Yes you do need to prove since you claim that they do. I've never seen them fight at high speeds in any comic.



> anyone who actually reads marvel knows they do.



I do and I have never seen them do it.



> go look for the issue of Gladiator vs Hyperion,



I have it, that don't fight at high speeds there either.



> i'm not home so i can't dig it up right now,



Well when you get home, make sure to post some scans of them fighting at high speeds.



> but i'm sure u can find it unless u choose not to for sake of your argument.



I've never seen them do it, you're the one that said that they can fight at high speeds, so you have to prove it.



> u can also check out the Gladiator vs Uni-Power Invincible Woman battle as well to see the magnitude of that fight.



Again bring proof that he's able to fight at high speeds.




> but i do see superman battered and bruised way more times than i see the hulk.



Superman doesn't get beaten that bad very often, but when he does, the being he's fighting is strong enough to harm so there's nothing wrong with that.



> jean grey only separated bruce banner from the hulk, mindless hulk got to that rage on his own.



He still needed help from Grey inoder to get there though.



> i'm sure hulk can destroy planets too, he just can't fly to go do it, but its been said on several ocassions that hulk has planet destroying power.



When very angry he can, but that'll take a while for him to do that.




> and superman can't melt areas of the hulk all he wants, but hulk is not gonna stand and let him melt that same spot,



Superman is going to engulf Hulks entire body into it while flying above him, Hulk won't be able to do anything about. 



> and by the time hulk gets mad enough, he'll just jump right at superman while he's shooting that heat vision and smack him.



If Superman see him jumping he'll just move and continue what he was doing.
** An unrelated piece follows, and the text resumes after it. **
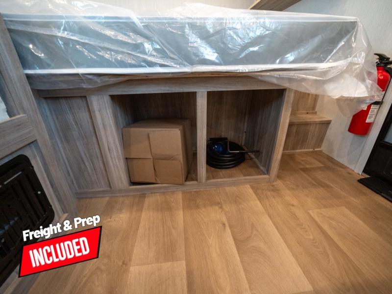 Enjoy generations of fun in this travel trailer! The front 60" x 80" queen bed offers a comfortable place to lay your head at night and a shirt closet to hang your clothes. You can even transform the 64" flip-out sofa and 38" x 68" booth dinette into extra sleeping space. The rear corner kitchen has everything you need to prepare a delicious home cooked meal and a 12V refrigerator to store any leftovers. After a fun-filled day, head to the rear corner bathroom to freshen up in the 30" x 36" shower with a skylight to let in some natural lighting!

If Hulk does hit, Superman will just start up again.



> superman has gotten over confident with the heat vision so don't hurry and say he'll move cause there's a chance he'll try to see if he can keep him down with it. u go by powers and not by fighting.



Superman has never gotten confident over his Heat Vision, he's always been careful though, to keep from killing his opponents. Superman uses his powers effective alot.
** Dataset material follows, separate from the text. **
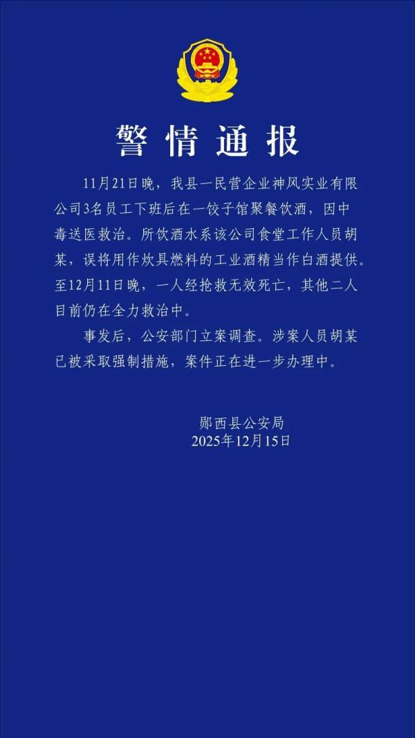 湖北省鄖西縣公安局12月15日發布警情通報:11月21日晚,我縣一民營企業神風實業有限公司3名員工下班後在一餃子館聚餐飲酒,因中毒送醫救治。所飲酒水系該公司食堂工作人員胡某,誤將用作炊具燃料的工業酒精當作白酒提供。至12月11日晚,一人經搶救無效死亡,其他二人目前仍在全力救治中。事發後,公安部門立案調查。涉案人員胡某已被采取強制措施,案件正在進一步辦理。

> i referred to Silver Surfer because SS is faster than superman and hulk caught him, yet u swear that superman would win becasue of his speed.



Surfer is faster in flight speed, not fighting/reflexive speeds. Superman uses his speed more effective in battle, he could create a vortex, taking away oxygen from Hulk. 



> and SS>>>>>Superman,



Surfer isn't that fast, he fly very fast, that's it. 



> Hulk should be able to take Superman.



Hulk won't be able to catch him.



> You referred to SS not bein at full potential when Hulk pulled him off the board so why do i need to bring evidence of his speed if u "seen" the comic.



Surfer wasn't trying to hurt Hulk is what I'm saying.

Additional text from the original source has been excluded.